* _Dataset extract_:
··········

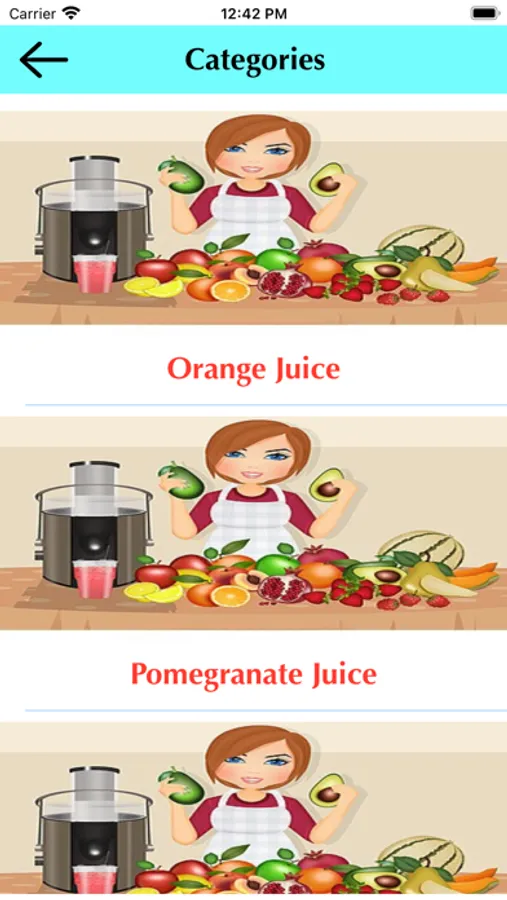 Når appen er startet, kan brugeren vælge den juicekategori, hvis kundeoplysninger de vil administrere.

··········

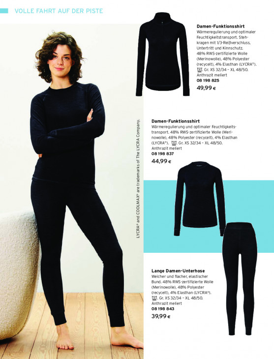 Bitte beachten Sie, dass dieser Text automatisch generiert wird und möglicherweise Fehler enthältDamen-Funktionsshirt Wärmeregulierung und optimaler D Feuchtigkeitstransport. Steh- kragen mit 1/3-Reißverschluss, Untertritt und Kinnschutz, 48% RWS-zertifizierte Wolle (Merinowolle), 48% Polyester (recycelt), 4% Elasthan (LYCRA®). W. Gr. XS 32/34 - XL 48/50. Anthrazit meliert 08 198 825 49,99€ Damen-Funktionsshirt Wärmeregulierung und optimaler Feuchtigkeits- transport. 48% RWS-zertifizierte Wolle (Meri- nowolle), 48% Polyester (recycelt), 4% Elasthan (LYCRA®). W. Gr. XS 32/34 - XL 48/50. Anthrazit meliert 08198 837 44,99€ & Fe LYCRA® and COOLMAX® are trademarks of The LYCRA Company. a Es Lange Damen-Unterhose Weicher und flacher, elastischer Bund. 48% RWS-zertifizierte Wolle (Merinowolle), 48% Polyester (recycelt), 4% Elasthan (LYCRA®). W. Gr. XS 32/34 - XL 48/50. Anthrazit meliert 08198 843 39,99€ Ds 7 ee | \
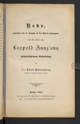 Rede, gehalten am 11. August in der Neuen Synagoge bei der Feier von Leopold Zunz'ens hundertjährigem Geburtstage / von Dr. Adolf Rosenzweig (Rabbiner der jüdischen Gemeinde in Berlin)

··········

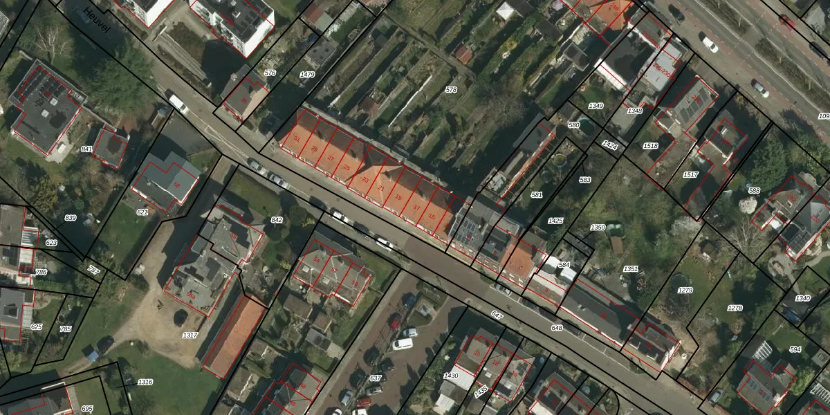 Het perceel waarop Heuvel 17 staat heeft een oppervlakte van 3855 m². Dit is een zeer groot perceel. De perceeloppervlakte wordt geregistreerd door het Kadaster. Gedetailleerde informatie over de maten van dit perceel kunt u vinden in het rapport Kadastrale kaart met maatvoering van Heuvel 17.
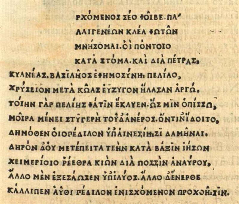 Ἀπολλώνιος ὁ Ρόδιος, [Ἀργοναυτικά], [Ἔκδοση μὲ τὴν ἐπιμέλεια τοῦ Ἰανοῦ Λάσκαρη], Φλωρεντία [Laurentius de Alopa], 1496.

··········

* _How to complete this task_:
The expected output is the lines above from the one containing "Bitte beachten Sie, dass" to the one containing "Rede, gehalten am", both ends included, reproduced exactly with every picture left out.

* _Response_:
 Bitte beachten Sie, dass dieser Text automatisch generiert wird und möglicherweise Fehler enthältDamen-Funktionsshirt Wärmeregulierung und optimaler D Feuchtigkeitstransport. Steh- kragen mit 1/3-Reißverschluss, Untertritt und Kinnschutz, 48% RWS-zertifizierte Wolle (Merinowolle), 48% Polyester (recycelt), 4% Elasthan (LYCRA®). W. Gr. XS 32/34 - XL 48/50. Anthrazit meliert 08 198 825 49,99€ Damen-Funktionsshirt Wärmeregulierung und optimaler Feuchtigkeits- transport. 48% RWS-zertifizierte Wolle (Meri- nowolle), 48% Polyester (recycelt), 4% Elasthan (LYCRA®). W. Gr. XS 32/34 - XL 48/50. Anthrazit meliert 08198 837 44,99€ & Fe LYCRA® and COOLMAX® are trademarks of The LYCRA Company. a Es Lange Damen-Unterhose Weicher und flacher, elastischer Bund. 48% RWS-zertifizierte Wolle (Merinowolle), 48% Polyester (recycelt), 4% Elasthan (LYCRA®). W. Gr. XS 32/34 - XL 48/50. Anthrazit meliert 08198 843 39,99€ Ds 7 ee | \
 Rede, gehalten am 11. August in der Neuen Synagoge bei der Feier von Leopold Zunz'ens hundertjährigem Geburtstage / von Dr. Adolf Rosenzweig (Rabbiner der jüdischen Gemeinde in Berlin)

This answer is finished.